> Work task
Every line from the one with "支持通过「表单管理」的右上角" through the final line of the data below goes in the answer, copied exactly. Pictures do not.

> Dataset content

========

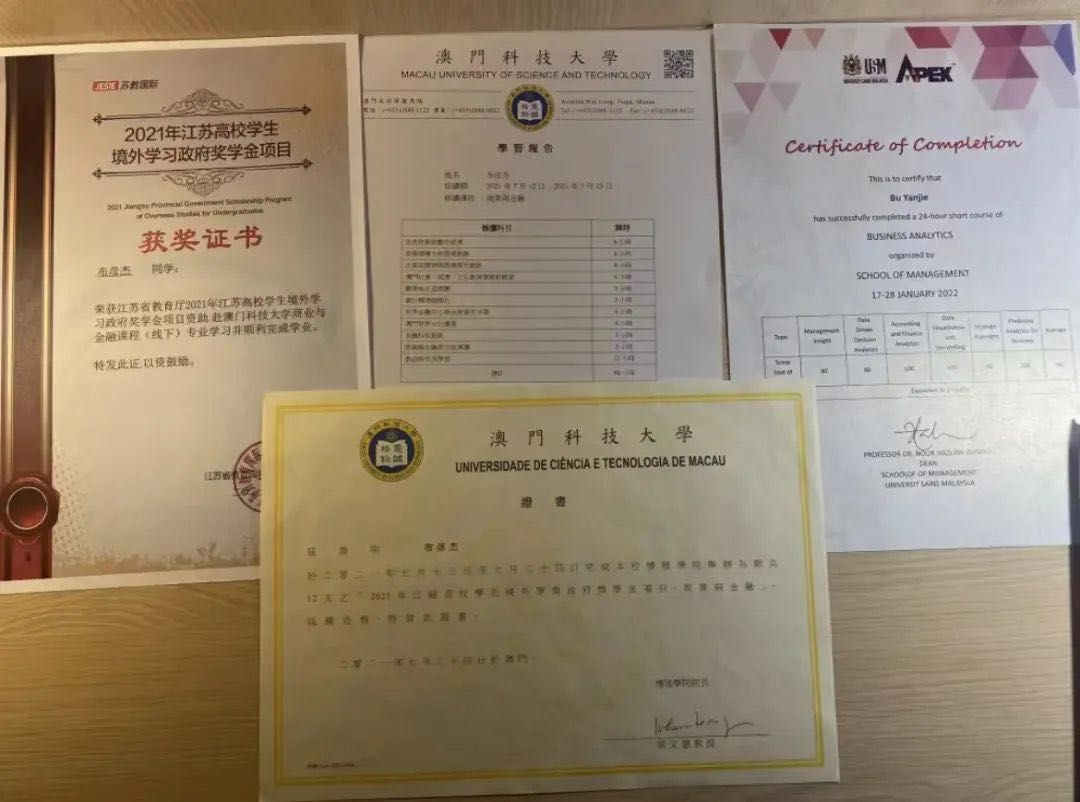 在校期间,布彦杰同学立志通过竞赛实践丰富专业知识,提升专业素养。布彦杰同学曾先后斩获“正大杯”全国市场调查与分析大赛省级一等奖、“学创杯”全国老员工创业综合模拟竞赛省级二等奖、“知链杯”江苏省老员工金融科技应用技能竞赛本科组决赛二等奖等荣誉。布彦杰同学在参加江苏省境外留学奖学金项目期间,访学了澳门科技大学,学习了商业与金融课程,这是他本科阶段最难忘的求学经历。在这次访学中,布彦杰同学真正看到了不一样的金融学,看到了有关大数据、计量经济学的一面,学到了数据分析的技术,对商业分析专业也产生了浓厚的兴趣。在此之后,布彦杰同学又积极参加了马来西亚理科大学商业分析课程,学习了许多数据可视化的内容。在开阔眼界的同时,商业分析这一课题也在布彦杰同学心中埋下种子。
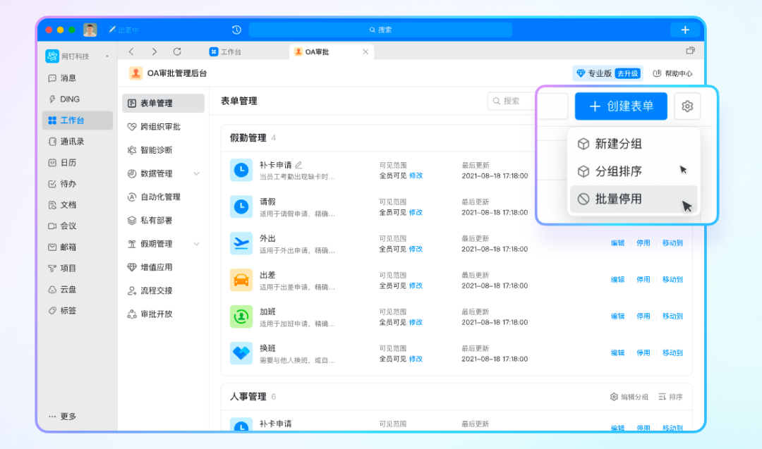 支持通过「表单管理」的右上角设置图标打开「批量停用」选择界面,一键整理冗余信息,统筹管理更高效。
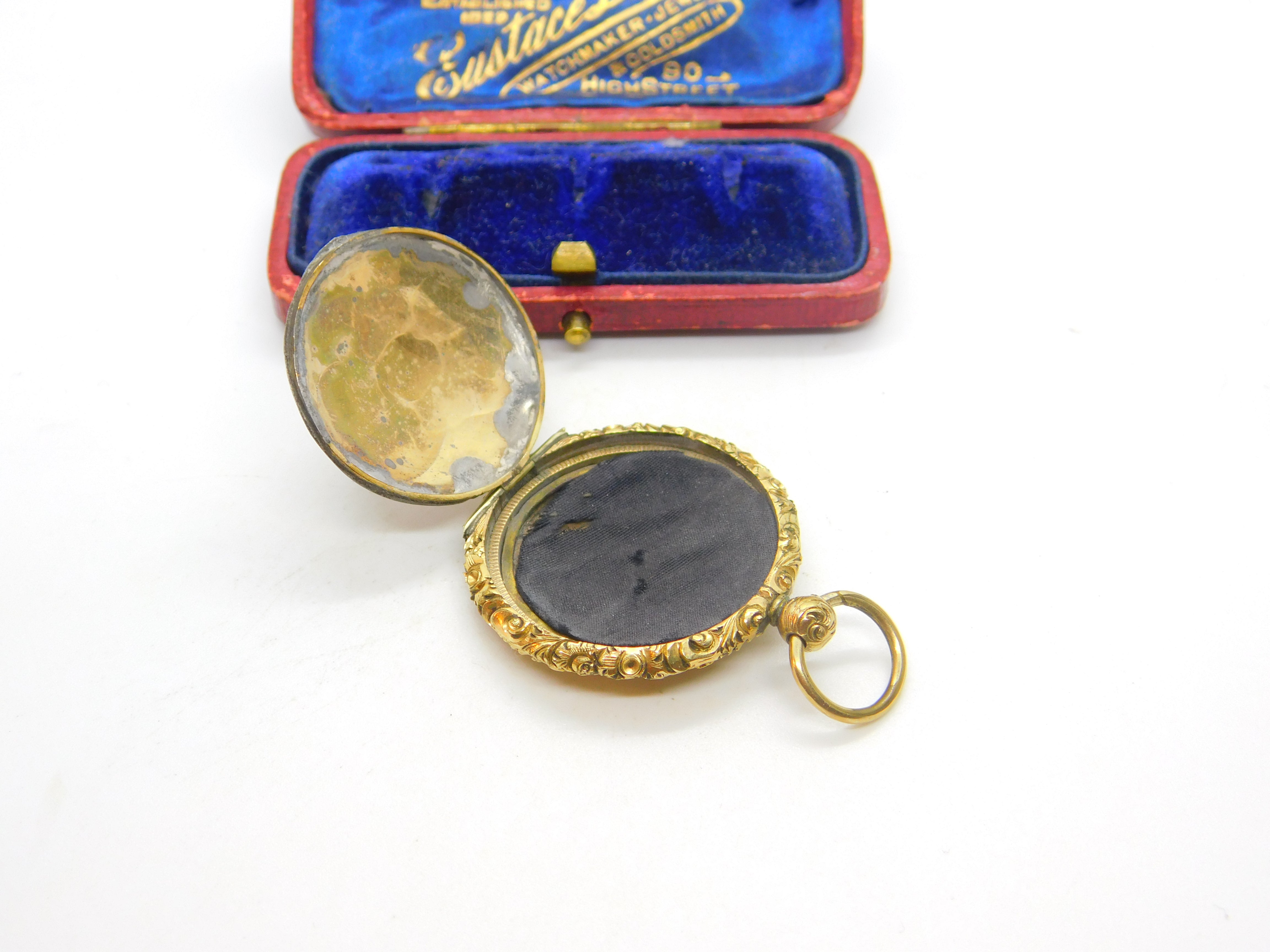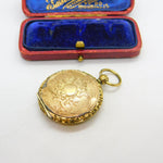 Victorian Pinchbeck Gold Floral Pattern Locket Fob Pendant Antique c1860

========

> Answer for the task
 支持通过「表单管理」的右上角设置图标打开「批量停用」选择界面,一键整理冗余信息,统筹管理更高效。
 Victorian Pinchbeck Gold Floral Pattern Locket Fob Pendant Antique c1860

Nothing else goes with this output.